Fiscal Challenges Ahead for Mexico: Navigating Economic Uncertainty

Wrapped Up:

  • Mexico is facing a set of fiscal challenges following the recent presidential election.
  • The new administration must address widening fiscal deficits, rising social spending, and potential policy reforms.
  • Comprehensive fiscal reform and consolidation efforts will be necessary to tide the incoming economic uncertainty.

Fiscal Pressure Following the Mexican Election

As Mexico transitions to a new administration under President-elect Claudia Sheinbaum, the country faces a complex array of fiscal challenges that will require careful navigation. The incoming government must address widening fiscal deficits, rising social spending, and the potential impact of proposed policy reforms on the country’s fiscal accounts.

The Ministry of Finance estimates a public deficit of 5.9% of GDP in 2024, the highest in over three decades. This development is particularly concerning, as it suggests that the fiscal discipline demonstrated in the early years of President López Obrador’s administration may be waning. There are worries that wider deficits could persist, particularly if efforts to increase tax revenue are postponed.

Recent policy developments have exacerbated the fiscal pressure. The proposed pension reform, which promises that retirees will receive 100% of their last salary (up to an amount equivalent to the average salary registered with the IMSS), is projected to increase fiscal expenditures. Additionally, the new legislation stating that the increase in the minimum wage must be at least equal to the annual inflation rate could further strain the country’s fiscal accounts.


Sheinbaum’s Plans

President-elect Sheinbaum has also announced plans to introduce universal scholarships for public school students from kindergarten to high school, as well as pensions for women aged 60-64. These initiatives, while laudable in their social objectives, could potentially add to the fiscal burden if not accompanied by comprehensive revenue-raising measures.

The incoming administration’s approach to these fiscal challenges will be closely watched by markets, rating agencies, and international observers. The 2025 budget proposal, set to be released in November, will provide crucial insights into the new government’s willingness to implement fiscal consolidation measures.

Beyond the fiscal arena, the changes in Mexico’s institutional landscape, such as the upcoming nomination of a new Supreme Court justice and the appointment of a deputy governor for Banxico’s board, will also be closely scrutinized. Preserving the integrity and independence of these institutions will be crucial in maintaining investor confidence and safeguarding the country’s economic stability.

As the US presidential election nears, Mexico may find itself in the spotlight, with immigration and trade issues potentially being cast in a negative light. This rhetoric could trigger further volatility in Mexican assets, which, while likely temporary, underscores the need for the incoming administration to adopt a proactive and pragmatic approach to engaging with its northern neighbor.

Looking to the Future

Despite these challenges, the Mexican economy maintains positive secular tailwinds, such as the ongoing trend of nearshoring. The extent to which the Sheinbaum government can capitalize on these opportunities will be a key determinant of the country’s long-term economic trajectory.

In the fixed-income space, institutional erosion concerns and the challenging fiscal outlook may put pressure on sovereign ratings and valuations, underscoring the importance of comprehensive fiscal reform and consolidation efforts.
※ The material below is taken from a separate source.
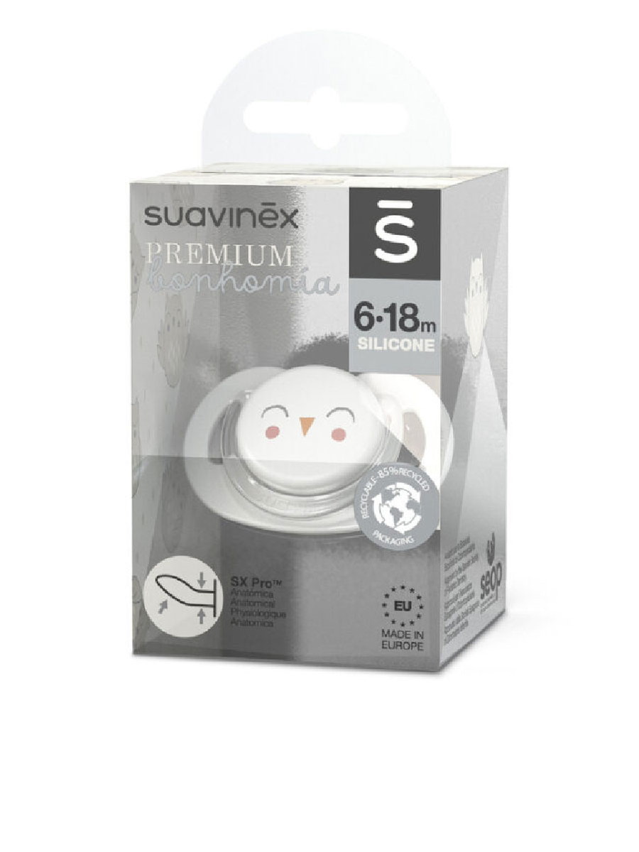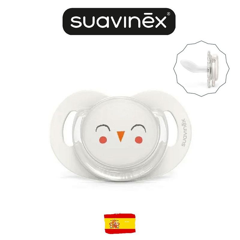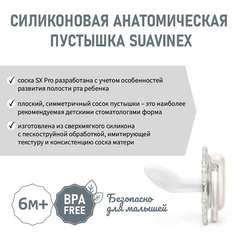 Пустышка Suavinex с силиконовой соской SX Pro, которая анатомически правильно располагается во рту ребенка, не препятствуя естественному развитию ротовой полости и прикуса.

Conversely, large corporations with significant overseas operations and proven track records in navigating economic cycles may be better positioned to mitigate the underlying sovereign risk.

In the equity markets, the earnings growth prospects for Mexican stocks remain resilient, averaging more than 21% annually in 2024 and 2025. However, valuations will continue to be closely monitored, as the new administration’s policy decisions and their impact on the fiscal and institutional landscape will be key factors in determining the long-term performance of the Mexican equity market.

As Mexico embarks on this new chapter, the incoming administration faces a complex set of fiscal and economic challenges. Navigating these obstacles will require a delicate balance of fiscal discipline, institutional strengthening, and a willingness to implement strategic policy reforms. The road ahead may be turbulent, but the opportunities for growth and prosperity remain within reach for Mexico, provided the new government can rise to the occasion and chart a course that prioritizes fiscal sustainability and economic resilience.


These are the views of the Author only. It is not Investment Advice or a Recommendation from Gather International Limited or its affiliates.